Issue 3: Queries Are Slow

Symptom: Panels take >10 seconds to load

Solutions:

Reduce time range: Change [2h] to [1h]
Add more filters: Be more specific

{container_name="/coolify-proxy", namespace="production"}

Use smaller intervals: Change [1m] to [5m] in rate calculations
Limit results:

topk(5, ...) # Instead of topk(10, ...)

Advanced: Creating Alerts from These Panels

Alert 1: Traffic Spike Detection

Based on the “Requests Per Minute” panel:

Edit the panel -> Alert tab
Create alert rule from this panel
Configure:
- Name: “Pro6PP Traffic Spike”
- Condition:
  - WHEN last() of query A
  - IS ABOVE 3000 (adjust based on your normal traffic)
- Evaluate every: 1m
- For: 5m (must be true for 5 minutes to fire)
Annotations:
- Summary: “Traffic spike detected: {{$values.A}} req/min”
- Description: “Check Top IPs panel for potential abuse”
Notification: Select and setup Alertmanager to send Mattermost alerts
Save

Alert 2: Abusive IP Detection

Create a new panel specifically for this alert:

Add new panel with query:

max by (request_client_ip) (
  sum by (request_client_ip) (
    rate({container_name="/coolify-proxy"} | json | line_format "{{.log}}" | json [1m])
  ) * 60
)

This shows req/min per IP.

Create alert:
- Condition: WHEN max() IS ABOVE 1000
- For: 3m
- Summary: “Abusive IP detected: {{$labels.request_client_ip}} making {{$values.A}} req/min”
Hide this panel from dashboard view (it’s just for alerting)
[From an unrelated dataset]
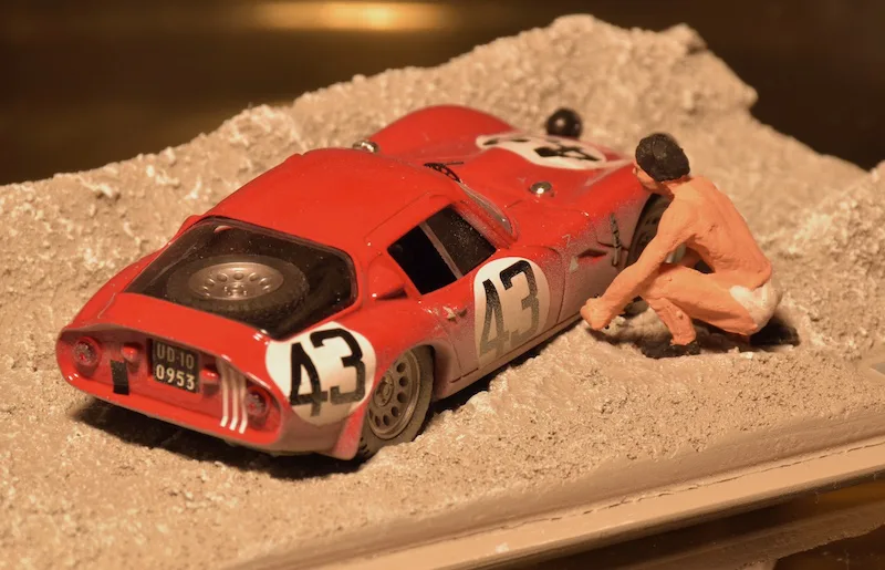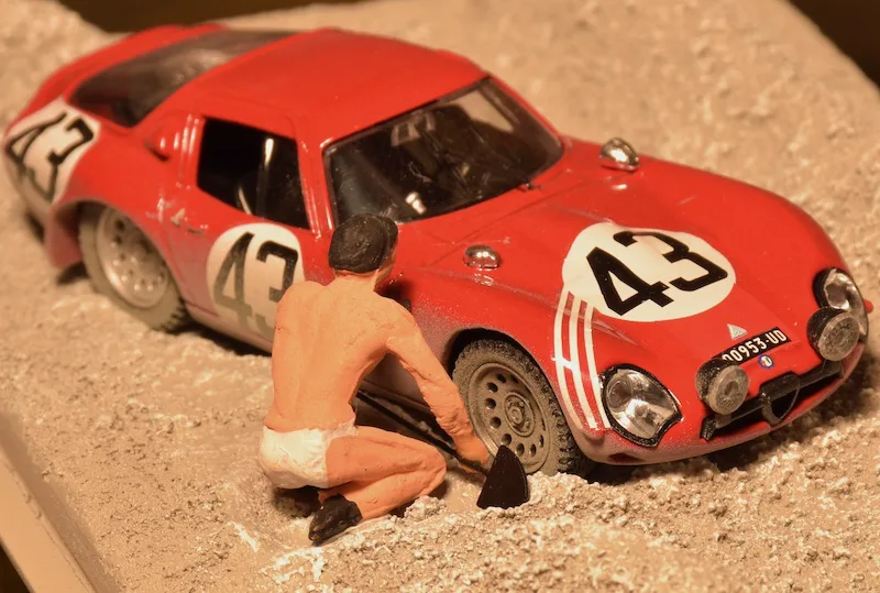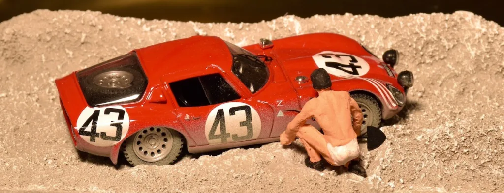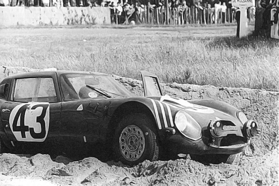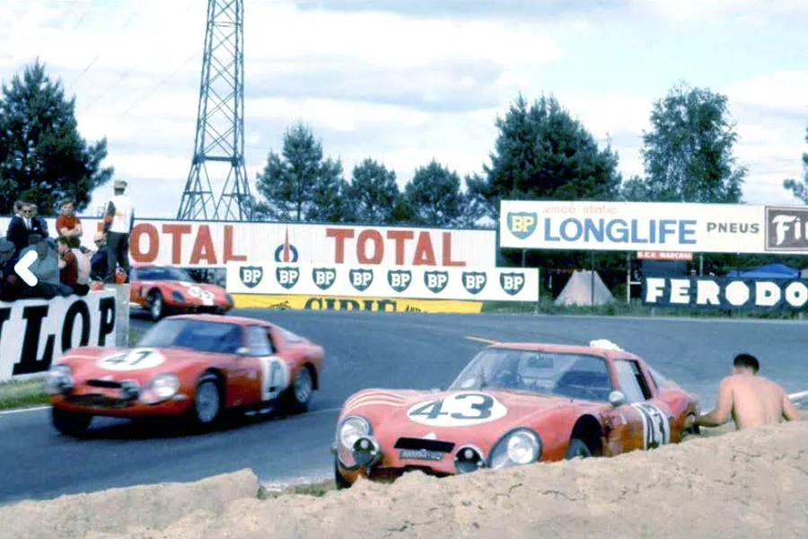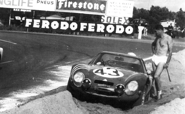 1965 Le Mans 24h, Alfa Romeo TZ2. Nowadays we have escape roads and when a car comes to a halt, it’s being salvaged by the track marshals during a (virtual) safety car. In 1965 things were different: At the outside of Mulsanne corner was a large sand trap and when a car got caught, you had to dig it out your self while the race just went on. This happened to Teo Zeccoli in the first lap. It was so warm, he even took off his racing suit when trying to get the car free from the sand.

Using the Dashboard During an Incident

Real-World Scenario: Pro6PP September 30th Outage

Here’s how you would have used this dashboard during your actual outage:

9:30 AM - Alerts fire

Check “Requests Per Minute”:
- See traffic at normal ~2,500 req/min
- Notice performance degradation, not traffic spike
- Conclusion: Not a DDoS, likely server overload
Check “Top 10 IPs”:
- See 89.149.208.150 at top with 8,500 requests (2 hours)
- Normal for a heavy user (about 70 req/min average)
- Conclusion: No single abusive IP
Investigate server resources (in the NodeExporter Dashboard):
- CPU at 100%
- Conclusion: Server can’t handle the load

Action taken: Rescale server from CX42 back to CPX41

Result: Service restored at 11:40 AM

Best Practices

Check panels in order:
- Requests Per Minute (is traffic abnormal?)
- Top IPs (is someone abusing?)
- Find Account (who is the user?)
- Server resources (is server struggling?)
Take screenshots:
- Panel menu -> Share -> Link -> Copy
- Include in your RCA
Export data:
- Click panel title -> Inspect -> Data -> Download CSV
- Save for post-incident analysis
Document actions:
- Add comments to dashboard: Dashboard settings -> Version history -> Add note

Troubleshooting Quick Reference

Problem	Quick Fix
No data in panels	Verify container name with `docker ps`
Queries timeout	Reduce time range or add more filters
Can’t find auth_key	Enable “Prettify” and “Log details” in logs panel
Alert not firing	Check Alerting -> Alert rules for errors
Dashboard slow	Increase refresh interval to 1m or 5m

Complete Dashboard JSON

Your final dashboard JSON should look like the one provided, with these key elements:

{
  "title": "Pro6PP Incident Dashboard",
  "tags": ["incident-response", "monitoring", "pro6pp"],
  "panels": [
    // Panel 1: Traffic volume
    // Panel 2: IP investigation
    // Panel 3: Top IPs identification
  ],
  "time": {
    "from": "now-6h",
    "to": "now"
  },
  "refresh": "30s"
}

Additional Resources

Grafana Loki Docs: https://grafana.com/docs/loki/latest/
LogQL Syntax: https://grafana.com/docs/loki/latest/logql/
Panel Transformations: https://grafana.com/docs/grafana/latest/panels-visualizations/query-transform-data/
Alerting Guide: https://grafana.com/docs/grafana/latest/alerting/

Summary

You’ve now learned to create a production-ready incident response dashboard with:

Traffic monitoring - Spot spikes and drops
IP tracking - Identify suspicious sources
Account tracing - Connect IPs to Pro6PP users
Alert configuration - Get notified proactively
Incident workflow - Investigate systematically

Key takeaway: The nested JSON structure in your logs requires the line_format "{{.log}}" step to access inner fields. This is the most common stumbling block when creating queries.

Next steps: Practice using this dashboard during normal operations, so you’re comfortable with it when an incident occurs.